使用上面簡單的序列對分類值進行表示後,進行模型訓練時可能會產生一個問題就是特徵的因爲數字值得不同影響模型的訓練效果,在模型訓練的過程中不同的值使得同一特徵在樣本中的權重可能發生變化,假如直接編碼成1000,是不是比編碼成1對模型的的影響更大。爲了解決上述的問題,使訓練過程中不受到因爲分類值表示的問題對模型產生的負面影響,引入獨熱碼對分類型的特徵進行獨熱碼編碼。
2.One-Hot Encoding在Spark中的應用
2.1 數據集預覽
數據中字段含義如下:
affairs:Double //是否有婚外情
gender:String //性別
age:Double //年齡
yearsmarried:Double //婚齡
children:String //是否有小孩
religiousness:Double //宗教信仰程度(5分制,1分表示反對,5分表示非常信仰)
education:Double //學歷
occupation:Double //職業(逆向編號的戈登7種分類)
rating:Double //對婚姻的自我評分(5分制,1表示非常不幸福,5表示非常幸福)
2.2 加載數據集
val conf = new SparkConf().setMaster("local[4]").setAppName(getClass.getSimpleName).set("spark.testing.memory", "2147480000")

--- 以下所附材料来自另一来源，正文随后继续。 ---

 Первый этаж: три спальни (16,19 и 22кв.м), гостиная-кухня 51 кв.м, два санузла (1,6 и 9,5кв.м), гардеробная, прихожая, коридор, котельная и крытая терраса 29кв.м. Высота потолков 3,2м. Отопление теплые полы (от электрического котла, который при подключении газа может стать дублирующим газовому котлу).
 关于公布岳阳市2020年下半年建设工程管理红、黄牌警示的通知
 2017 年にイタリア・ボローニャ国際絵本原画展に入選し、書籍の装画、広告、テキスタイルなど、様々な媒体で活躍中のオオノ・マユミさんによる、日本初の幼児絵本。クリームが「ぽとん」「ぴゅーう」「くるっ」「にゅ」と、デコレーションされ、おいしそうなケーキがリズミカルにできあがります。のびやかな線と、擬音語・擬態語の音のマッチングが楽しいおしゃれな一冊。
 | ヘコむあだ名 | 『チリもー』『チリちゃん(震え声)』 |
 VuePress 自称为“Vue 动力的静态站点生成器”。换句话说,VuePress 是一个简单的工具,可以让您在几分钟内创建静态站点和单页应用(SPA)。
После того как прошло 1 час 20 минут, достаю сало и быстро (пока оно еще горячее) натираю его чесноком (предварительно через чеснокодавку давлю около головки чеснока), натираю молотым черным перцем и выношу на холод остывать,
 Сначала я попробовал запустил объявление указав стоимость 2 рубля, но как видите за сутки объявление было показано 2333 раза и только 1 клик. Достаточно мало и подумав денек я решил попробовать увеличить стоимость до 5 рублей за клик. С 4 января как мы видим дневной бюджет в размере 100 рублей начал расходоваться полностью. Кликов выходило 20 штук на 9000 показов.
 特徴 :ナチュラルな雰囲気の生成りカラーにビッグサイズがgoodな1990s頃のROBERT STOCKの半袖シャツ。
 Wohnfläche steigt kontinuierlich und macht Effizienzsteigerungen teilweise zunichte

val sparkContext = new SparkContext(conf)
val sqlContext = new HiveContext(sparkContext)
val colArray2 = Array("gender", "age", "yearsmarried", "children", "religiousness", "education", "occupation", "rating")
val logPath = "E:\\spark_workspace\\spark-study\\src\\main\\files\\lr_test03.json"
import sqlContext.implicits._
val dataDF = sqlContext.read.json(logPath).select($"affairs", $"gender", $"age", $"yearsmarried", $"children", $"religiousness", $"education", $"occupation", $"rating")
2.3 使用OneHotEncoder處理數據集
/**要進行OneHotEncoder編碼的字段*/
val categoricalColumns = Array("gender", "children")
/**採用Pileline方式處理機器學習流程*/
val stagesArray = new ListBuffer[PipelineStage]()
for (cate <- categoricalColumns) {
/**使用StringIndexer 建立類別索引*/
val indexer = new StringIndexer().setInputCol(cate).setOutputCol(s"${cate}Index")
/**使用OneHotEncoder將分類變量轉換爲二進制稀疏向量*/
val encoder = new OneHotEncoder().setInputCol(indexer.getOutputCol).setOutputCol(s"${cate}classVec")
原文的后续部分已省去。